WHAT IS NEEDED
Write the records out again exactly, leaving no images in.
[MATERIAL PROVIDED — start]
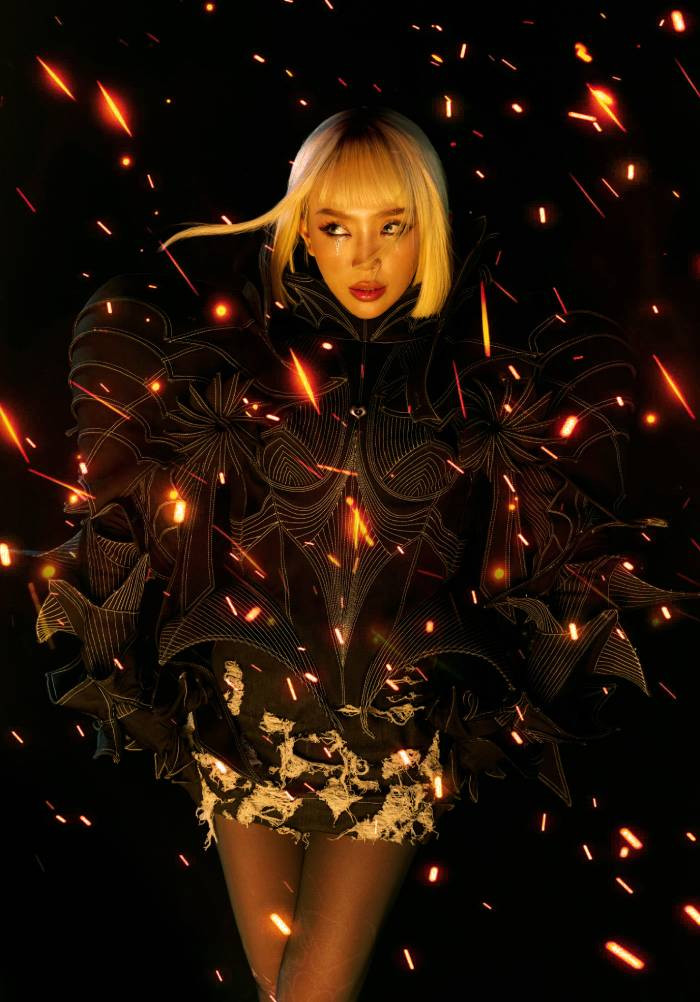 Bên cạnh đó, tạo hình trang phục của nữ ca sĩ cũng được biến hoá bởi những thương hiệu, tên tuổi nổi bật trong làng thời trang Việt Nam như La Lune - brand thời trang Việt xuất hiện trong các MV của BLACKPINK, Aespa, stylish Kelbin Lei, NTK Lê Thanh Hoà.
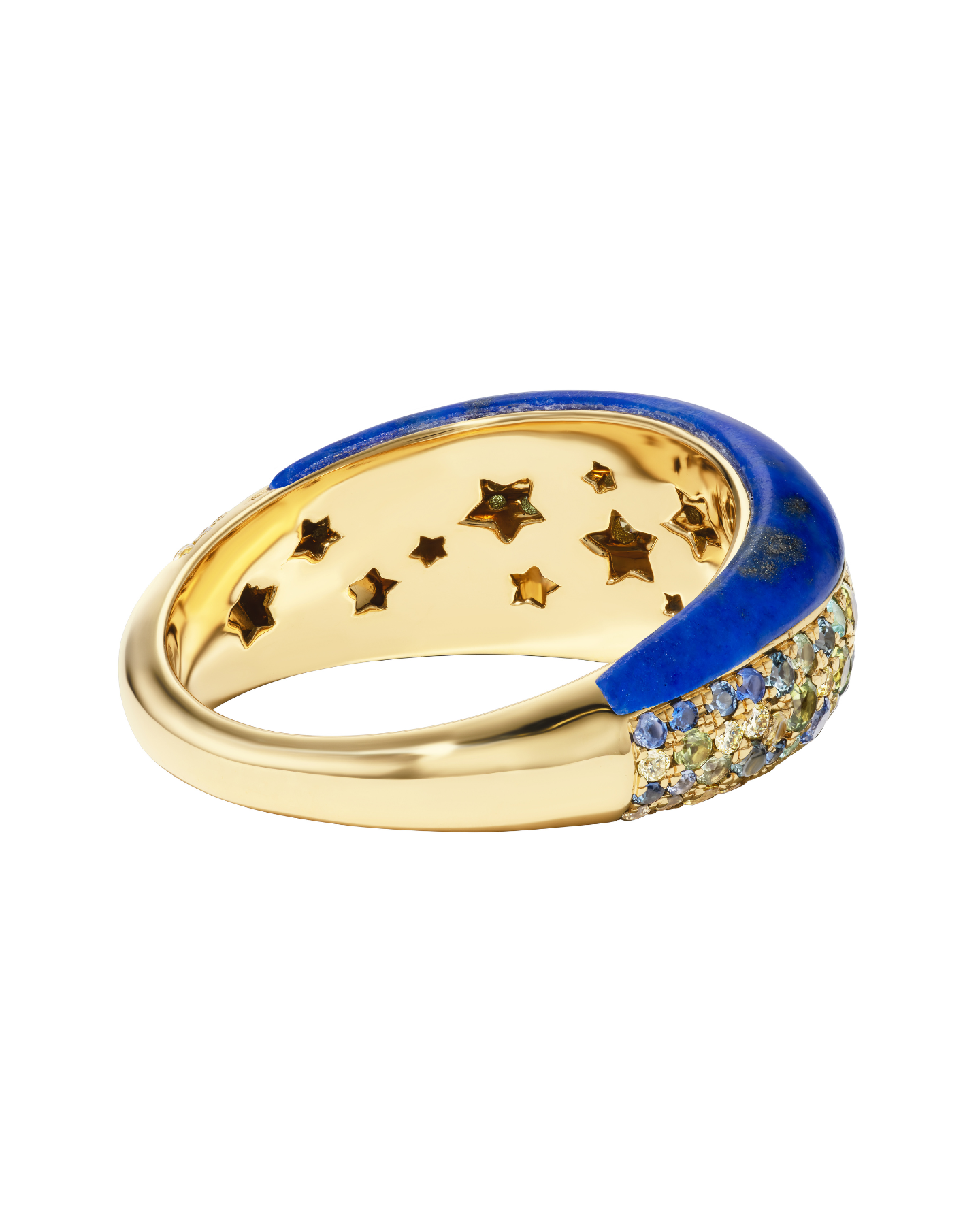 18 karat yellow gold ring with lapis lazuli and pave of sapphires, Paraiba tourmaline, yellow and green natural diamonds
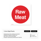 Clearly label areas designated for raw meat handling with our "Raw Meat" signs. Maintain hygiene and prevent cross-contamination in food preparation areas.
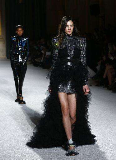 Models wear creation for Balmain's ready-to-wear fall-winter 2018/2019 fashion collection presented in Paris, Friday, March 2, 2018. (AP Photo/Thibault Camus)
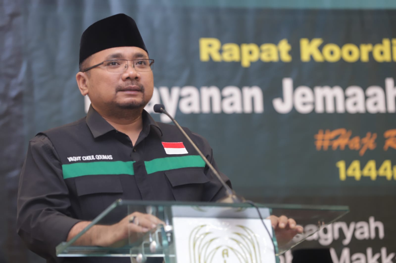 “Kalau sebelumnya jatah Zamzam hanya 5 liter, tahun ini kita putuskan menambahkan 5 liter Zamzam untuk jemaah haji dan petugas,” terang Menag Yaqut diikuti teriakan alhamdulillah dari para jemaah, di Syisyah-Makkah, Senin (3/7/2023).
[MATERIAL PROVIDED — finish]
REPLY
 Bên cạnh đó, tạo hình trang phục của nữ ca sĩ cũng được biến hoá bởi những thương hiệu, tên tuổi nổi bật trong làng thời trang Việt Nam như La Lune - brand thời trang Việt xuất hiện trong các MV của BLACKPINK, Aespa, stylish Kelbin Lei, NTK Lê Thanh Hoà.
 18 karat yellow gold ring with lapis lazuli and pave of sapphires, Paraiba tourmaline, yellow and green natural diamonds
 Clearly label areas designated for raw meat handling with our "Raw Meat" signs. Maintain hygiene and prevent cross-contamination in food preparation areas.
 Models wear creation for Balmain's ready-to-wear fall-winter 2018/2019 fashion collection presented in Paris, Friday, March 2, 2018. (AP Photo/Thibault Camus)
 “Kalau sebelumnya jatah Zamzam hanya 5 liter, tahun ini kita putuskan menambahkan 5 liter Zamzam untuk jemaah haji dan petugas,” terang Menag Yaqut diikuti teriakan alhamdulillah dari para jemaah, di Syisyah-Makkah, Senin (3/7/2023).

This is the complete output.